Posted by on October 26th, 2016

Yes! What you’re thinking of is a social media specialist, a social manager, or a Twitter manager. They come by many names, but the concept is the same; someone who has experience with Twitter marketing and who can manage and grow your Twitter presence without your direct overview.

Before you get into posting a job opening, though, there’s a lot you need to consider.

Do You Really Need a Twitter Manager?

Twitter really only takes one thing in order to make it a success: time. If you have the time to pay attention to it, you can grow your presence and your brand on the microblog platform. You can use free tools to make it easier, customize settings, and set up habits for success, all of which will take a little learning and a little experimentation, but at the end of the day all it takes is time.

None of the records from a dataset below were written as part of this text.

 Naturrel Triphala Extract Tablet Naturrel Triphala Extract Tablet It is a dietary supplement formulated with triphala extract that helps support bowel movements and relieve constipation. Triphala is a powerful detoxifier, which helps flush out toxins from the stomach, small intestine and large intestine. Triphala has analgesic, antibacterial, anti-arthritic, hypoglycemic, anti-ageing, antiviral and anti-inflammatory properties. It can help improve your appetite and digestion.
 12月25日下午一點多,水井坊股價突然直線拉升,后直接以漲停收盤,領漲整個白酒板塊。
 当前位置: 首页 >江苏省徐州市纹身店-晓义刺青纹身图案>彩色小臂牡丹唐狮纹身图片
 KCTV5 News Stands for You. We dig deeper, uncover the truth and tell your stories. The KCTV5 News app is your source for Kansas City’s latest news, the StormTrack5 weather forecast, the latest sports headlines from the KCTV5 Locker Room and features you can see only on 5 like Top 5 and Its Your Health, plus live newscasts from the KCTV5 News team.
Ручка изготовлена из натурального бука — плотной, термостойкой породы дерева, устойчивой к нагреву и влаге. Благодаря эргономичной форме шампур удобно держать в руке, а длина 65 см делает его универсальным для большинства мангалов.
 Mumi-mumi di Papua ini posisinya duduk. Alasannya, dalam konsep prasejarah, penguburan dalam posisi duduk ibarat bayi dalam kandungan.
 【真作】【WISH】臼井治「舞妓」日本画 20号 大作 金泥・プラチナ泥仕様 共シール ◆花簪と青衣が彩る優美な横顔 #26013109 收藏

So, do you really need a Twitter manager? The answer depends entirely on whether or not you could be doing more valuable things with your time. As with all outsourcing, you’re saving your own time by spending money to buy the time of someone else. You’re buying their knowledge and experience as well, which saves you the time of having to learn on your own. The question you need to ask yourself, then, is “is my time more valuable spent elsewhere?” There are a lot of people who can manage Twitter for a fee, and there are a lot of people who can do other business things for a similar fee. What are you best at, and where do you save the most time for your money?

Twitter Content Calendar

Always consider that there are aspects of business that, though you can do them, you may not be good at them. These are areas you can outsource, if you have the money. Twitter may be on that list, and that’s fine. The critical question is whether there are more business-critical functions you’re equally bad at, that have a steeper learning curve or more room for failure. In other words, the experience of the person you hire becomes more valuable. You might want to suck it up and manage your own Twitter in exchange for having these more important functions handled by someone with experience.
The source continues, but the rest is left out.